When he won the National Book Award in 2005, the commitee had this to say: “Merwin’s poems speak from a lifelong belief in the power of words to awaken our drowsy souls and see the world with compassionate interconnection” (Full Story & Poems from NPR).  He’s essentially the people’s poet.  He’s been through too many wars, too many people, too many poems, too many words, too many notebooks, too many dining room table talks where his wife Paula, cracks coconuts and reads his poetry (in my mind, all in my loopy mind).  I mean, the man…IS poetry.

I can’t even write this blog I’m too excited.

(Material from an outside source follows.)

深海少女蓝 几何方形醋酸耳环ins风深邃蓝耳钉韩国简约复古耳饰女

And I can’t even read my notes to tell you anything interesting, or insightful the man had to say.

All I can tell you is, he tries to plant one tree a day.  (He’s like a real life Lorax).  Because a tree lives and dies in one spot.  It is the sole creation of a place.  A lot of his poetry deals with place, and location, and because of that, and his ideals towards any sort of conservation (and gardening, which gives me the cutest mental image), he has decided to plant (or try at least) one tree a day.

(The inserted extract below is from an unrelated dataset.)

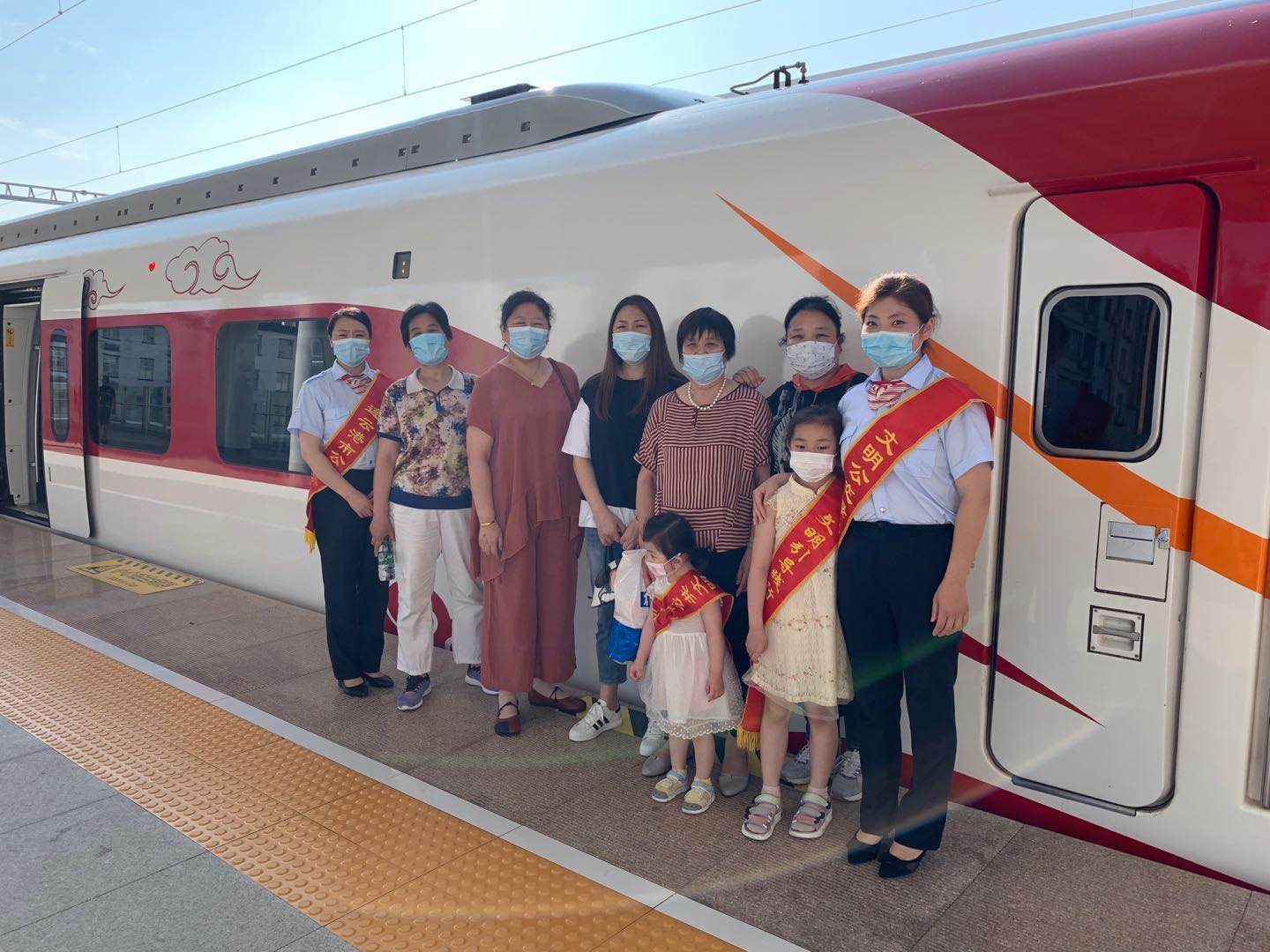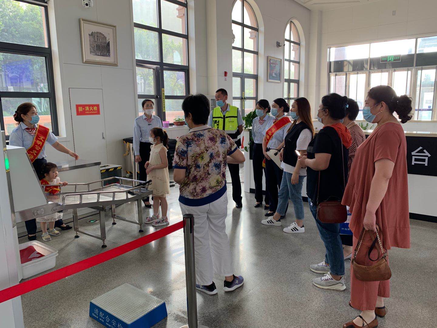 當(dāng)天下午4點整,活動準時開始。家屬們統(tǒng)一來到城市動車連云港站集合,值班站長韓雪首先將動車站務(wù)日常工作向家屬們做了詳細的講解,接著帶領(lǐng)大家先后參觀了城市動車候車室、員工值班室等區(qū)域。員工家屬對動車站內(nèi)的員工休息區(qū)及辦公區(qū)域的環(huán)境衛(wèi)生紛紛點贊,并拍照留念。孩子們第一次來到城市動車站坐動車,更是興致勃勃,戴上了紅綬帶,當(dāng)起了“小小引導(dǎo)員”。最后,為了讓家屬加深體驗感,帶領(lǐng)大家乘坐至連云古鎮(zhèn)的一趟動車,在乘車的過程當(dāng)中,韓雪對動車行駛??空军c等進行講解,員工家屬也對動車的乘車體驗大加贊揚。

In twenty years, I hope I have children who sit under a W.S. Merwin tree eating their picnic watermelon and spitting seeds in the ground.  I hope we’re on a checkered blanket and I have a large dog who knows how to catch a frisbee, and poetry is humid in the air.

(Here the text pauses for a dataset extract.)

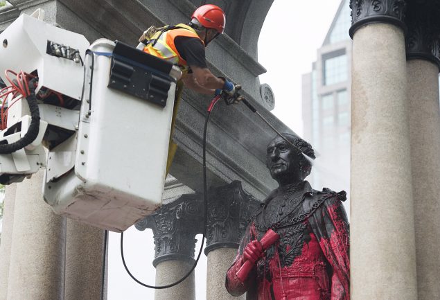 一个蒙特利尔市工人正在清洗雕像。(CP/Graham Hughes)

5 thoughts on “On Being Ten Feet from W.S. Merwin…

  1. Bea Mannes says:

    First, I read this to your Father, and his comment is as follows. “She is really something else! If she could only get it out in the public domain someway, so people could read her.” I believe that means he especially liked this blog.
    There were many great quotes I could copy and paste on Facebook for the family to read, but I took just a small piece of the blog. I took the beginning, the part about almost messing in your pants. I just knew the “Buffalo” family would read that and know how excited you were to meet this poet.
    I hope he is one of many you meet along the way, and I look forward to the blogs that will come from those meet and greets. It is obvious, your love of poetry, and how it is like breathing for you.

  2. Audra (Unabridged Chick) says:

    Wonderful post — I loved this — but I esp adored your comments on Sexton and Plath. Having seen Emma Donoghue earlier in the summer, in which I was a total crazyperson, I can imagine your excitement at being so close to Merwin.

    • Cassie says:

      Ouuuu I would be excited for Emma as well! Did you write about it? Send me the link if so! And thanks for your comments. We must have a mutual thing for Plath and Sexton

      • Audra (Unabridged Chick) says:

        Here’s the post about going to Donoghue’s reading — don’t judge me for the insane fangirl grin in the picture — I was shaking being so close to the woman! Heaven!

        I’m mad for both Plath and Sexton because they’re marvelous but I feel a lot of sympathy/solidarity for most women authors/creators b/c I feel like they can get such a raw deal, but that is a rant for another day!! :)

  3. Cassie says:

    That. was. excellent. I love her deep red hair. Amazing! And you looked so happy & cute!!!

    It seems we both have a Plath & Sexton obsession. I’ll have to read “Hood” by Emma since I haven’t. Is it wonderful?